94 5-6 A ridiculous doctrine in modern criticism: a palpable hit at John Dennis, who is said thus to have acknowledged it. “On the 17th of May, 1712, between the hours of ten and eleven in the morning... [Dennis] . . . entered... [Curll's book-] shop, and opening one of the volumes of the Spectator, in the large paper, did suddenly, without the least provocation, tear out that of No. [40] where the author treats of poetical justice, and cast it into the street." (Pope's Works, ed. Elwin, X, 459.) In Dennis's Original Letters, II, 407-416, is printed his letter to the Spectator in defence of his doctrine. It concludes: "Thus . . . I have discussed the business of poetical justice, and shewn it to be the foundation of all tragedy; and therefore whatever persons, whether ancient or modern, have written dialogues which they call tragedies, where this justice is not observed, these persons have entertained and amused the world with romantic lamentable tales, instead of just tragedies, and of lawful fables." In his letter to Sir Richard Blackmore (Original Letters, I, 1–12) Dennis is especially insistent upon his theory; in a letter to the Duke of Buckingham (I, 55–57) he admits that the attacks of various papers in the Spectator led him to write his Remarks upon Cato.

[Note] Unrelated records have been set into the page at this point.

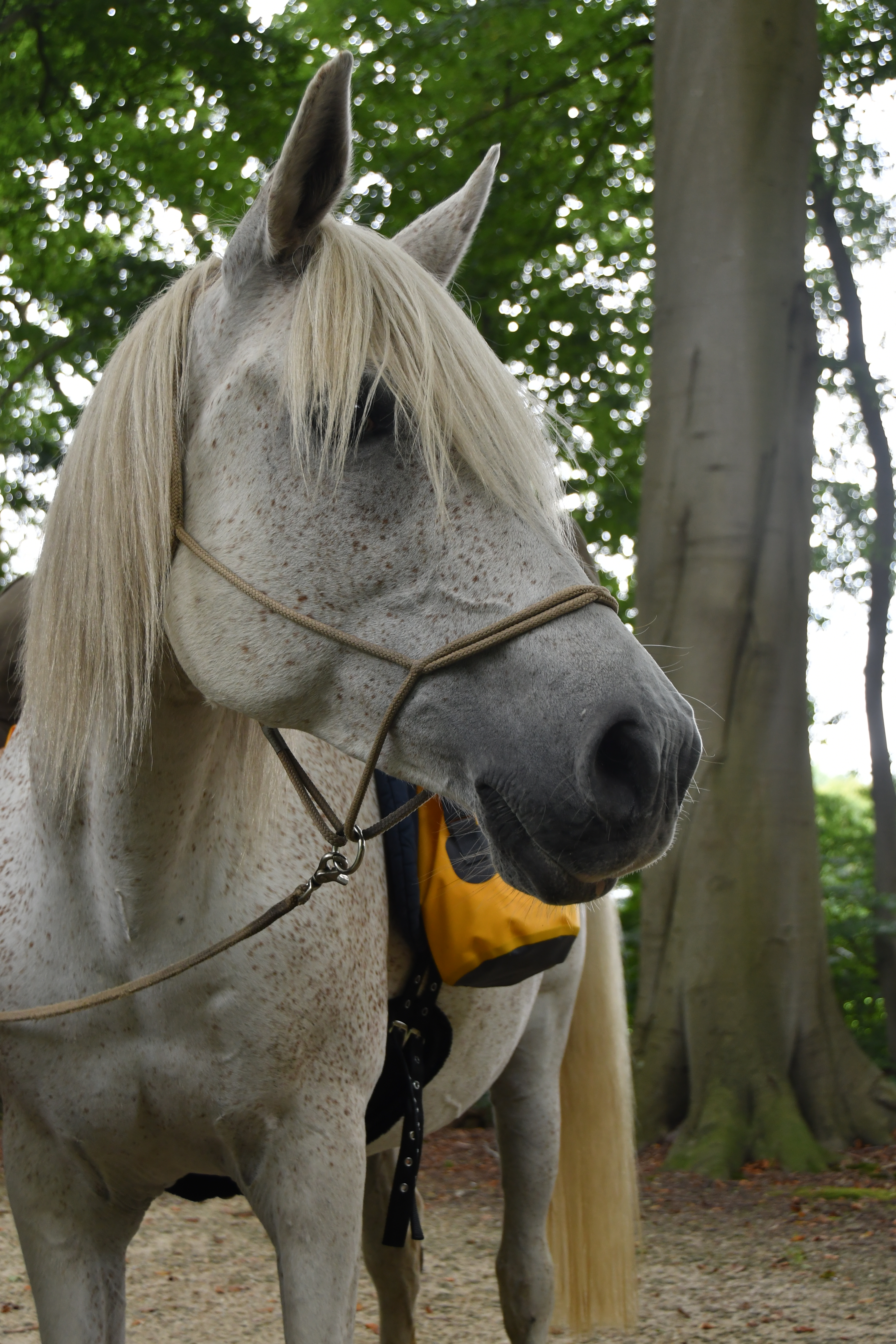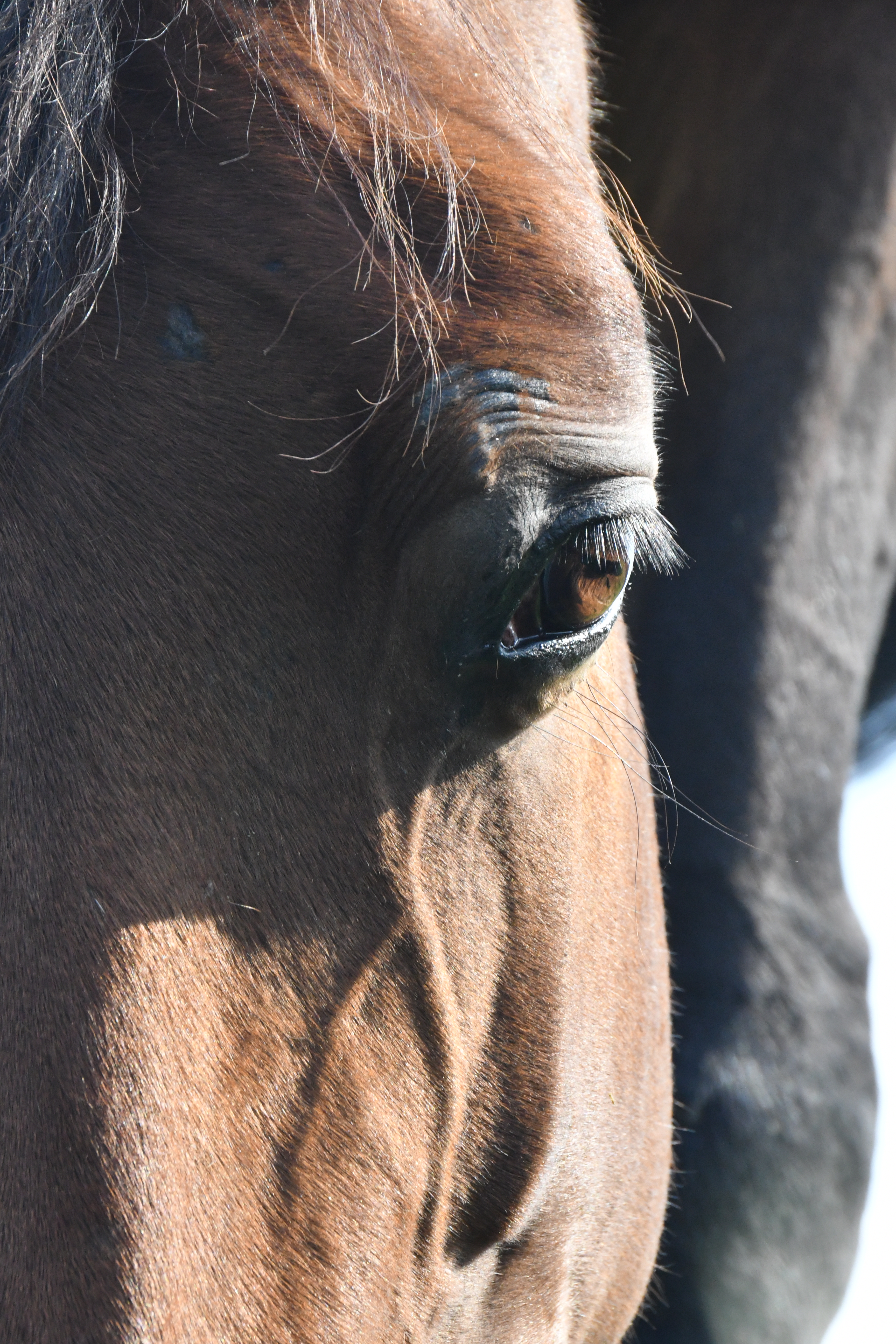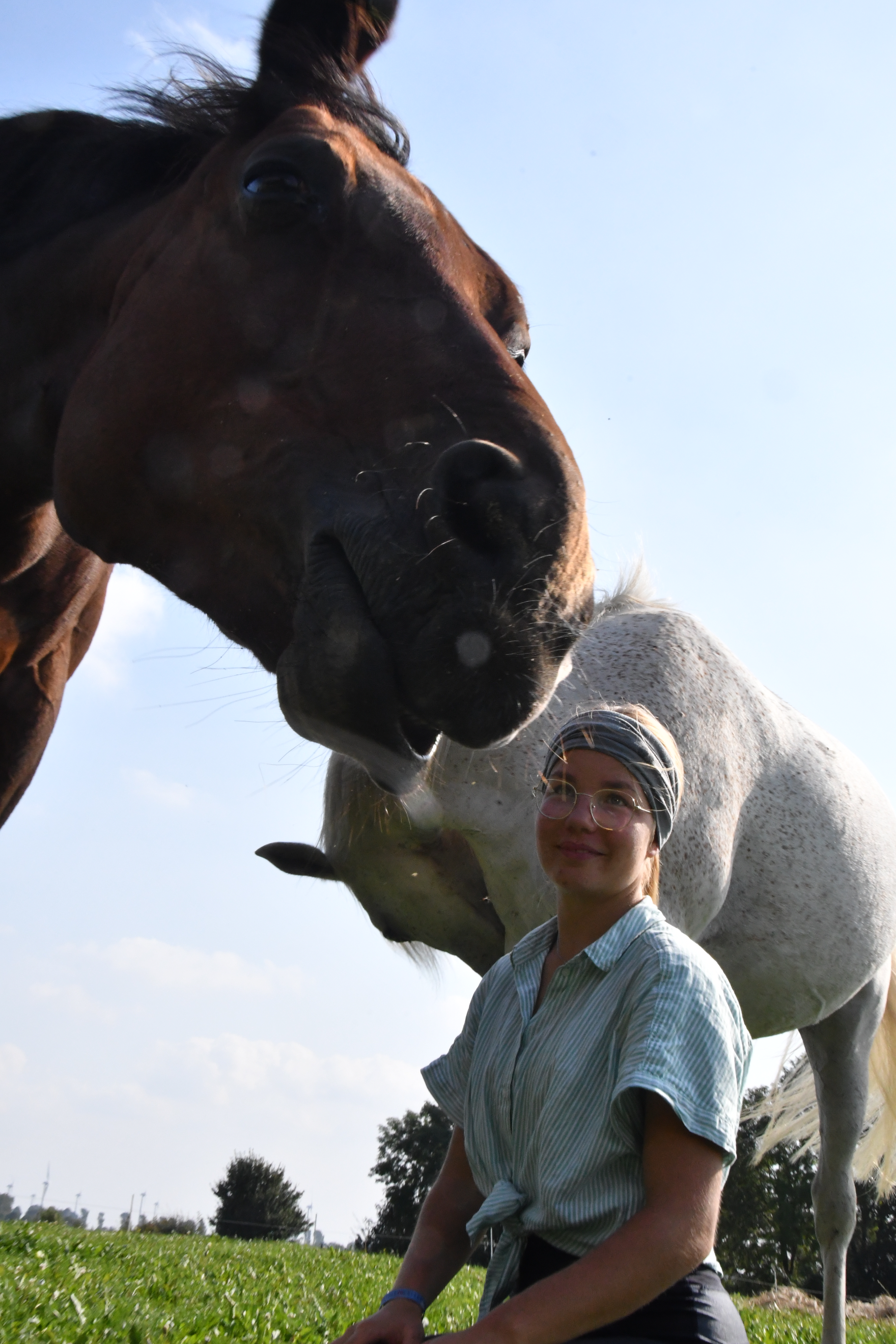 Amica ist der Inbegriff von „harte Schale – weicher Kern“: Sie ist ein älter-als-sie-ist-wirkendes, braunes Warmblut aus den Niederlanden mit großem, schiefen Kopf, auf den ersten Blick ruhig und gleichzeitig etwas kratzbürstig. Auf den zweiten Blick erkennt man eine liebe Dame, die, wenn man es schafft sie komplett anfassen zu dürfen, einen ganz stolz macht vor Glück.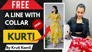 FREE A Line Kurti Cutting And Stitching Full Tutorial| Kurta cutting and stitching#alinekurti #kurti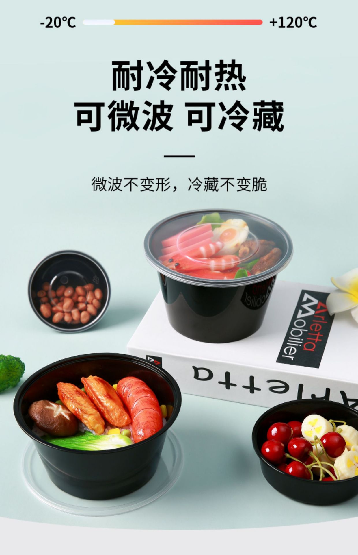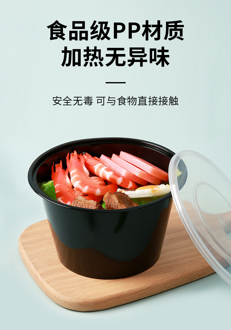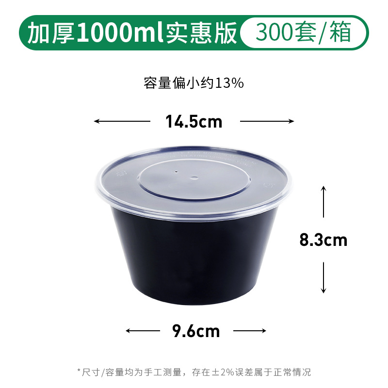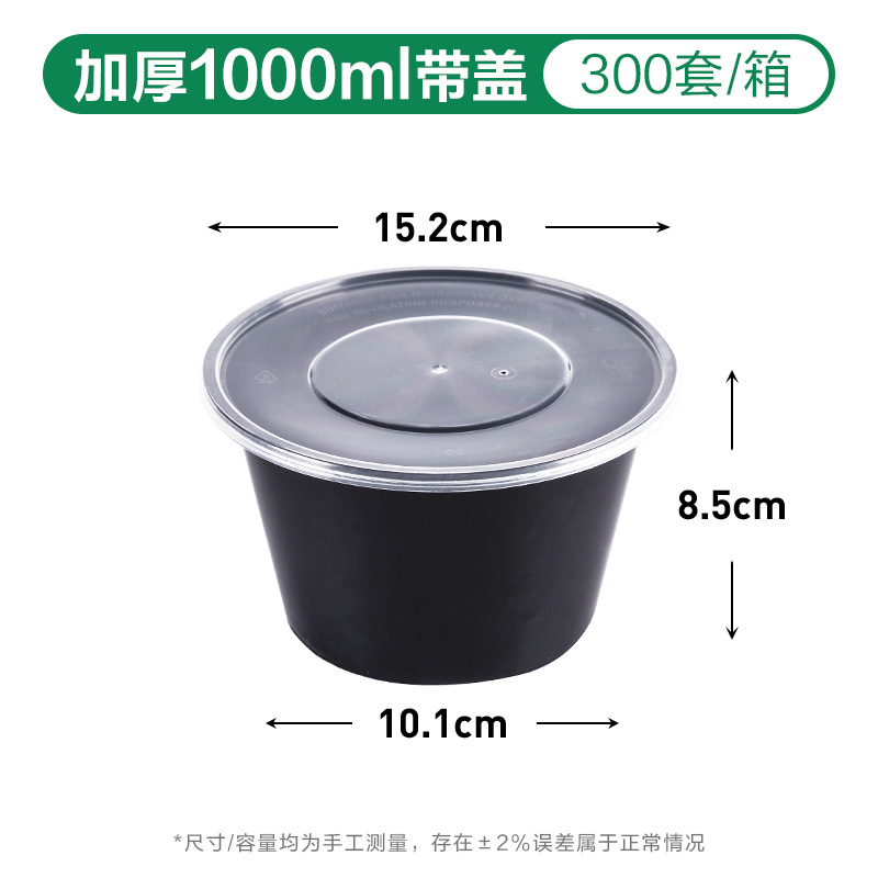 M 블랙 테이크 아웃 포장 상자 검은 두꺼운 수프 그릇 스낵 상자 도시락 라운드 1000ml 일회용 도시락스토어 가기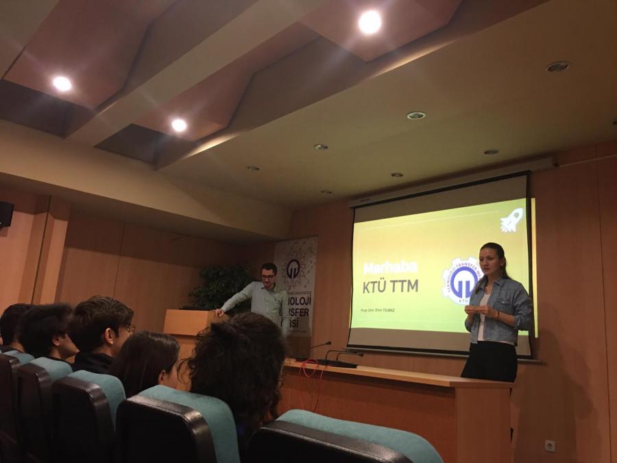 KTÜ Teknoloji Transferi uygulama araştırma merkezi tarafından Trabzon Merkez Fen Lisesi öğrencilerine girişimcilik eğitimi gerçekleştirildi. Eğitim gençbiz girişimcilik programının öğrencilere karşı muhtemel kazanımlarının değerlendirmesi ile başladı. Konuşma ardından KTÜ TTM Şirketleşme ve Girişimcilik uzmanı Proje Uzm. Eren YILMAZ tarafından gerçekleştirilen eğitim; girişimcilik ekosistemi, iş fikri sahiplerinin izlemesi gereken adımlar, finansal kaynaklara erişim ve dikkat edilmesi gereken önemli noktaların anlatımı ile devam etti. Eğitim öğrencilerin sorularının cevaplanması ile son buldu.

94 12-13 To raise commiseration and terror: Aristotle, Poetics, xiii : "A perfect tragedy should . . . imitate actions which excite pity and fear, this being the distinctive mark of tragic imitation" (Butcher's translation).

95 2 Aristotle considers: Addison seems here to refer to Poetics, xiii, 6: σnueîov dè μéɣioтov, etc., which Butcher translates "On the stage and in dramatic competition, such plays, if they are well represented, are the most tragic in effect."

95 13 The best Plays, etc.: Otway's Orphan and his Venice Preserved, Lee's Alexander the Great, and Dryden and Lee's Oedipus are mentioned in a note on the previous essay; Lee's Theodosius, or the Force of Love (1680) was drawn from La Calprenède's romance Pharamond (1661); Dryden's All for Love or the World Well Lost (1678) was his version of Shakspere's Antony and Cleopatra; Oroonoko (1696), by Thomas Southerne (1660–1746), was founded on Mrs. Behn's Oroonoko, or the Royal Slave (1668). On these plays in general, see Ward's English Dramatic Poetry, vol. III, chap. 9.

...

95 15-17 King Lear . . . as it is reformed: The History of King Lear. Acted at the Duke's Theatre. Reviv'd with Alterations. By N. Tate. London, 1681. In Tate's version there is no Fool, and Cordelia lives to marry Edgar; there is a summary of the plot, with extracts, in the Appendix (pp. 467 ff.) of Dr. Furness's Variorum Lear, Philadelphia, 1880. Tate also adapted Richard II in The Sicilian Usurper, 1681, and Coriolanus in The Ingratitude of a Common-Wealth, 1682. The controversy between Addison and Dennis over Tate's version of King Lear is conveniently summarized in Lounsbury's Shakespeare as a Dramatic Artist, pp. 405 ff.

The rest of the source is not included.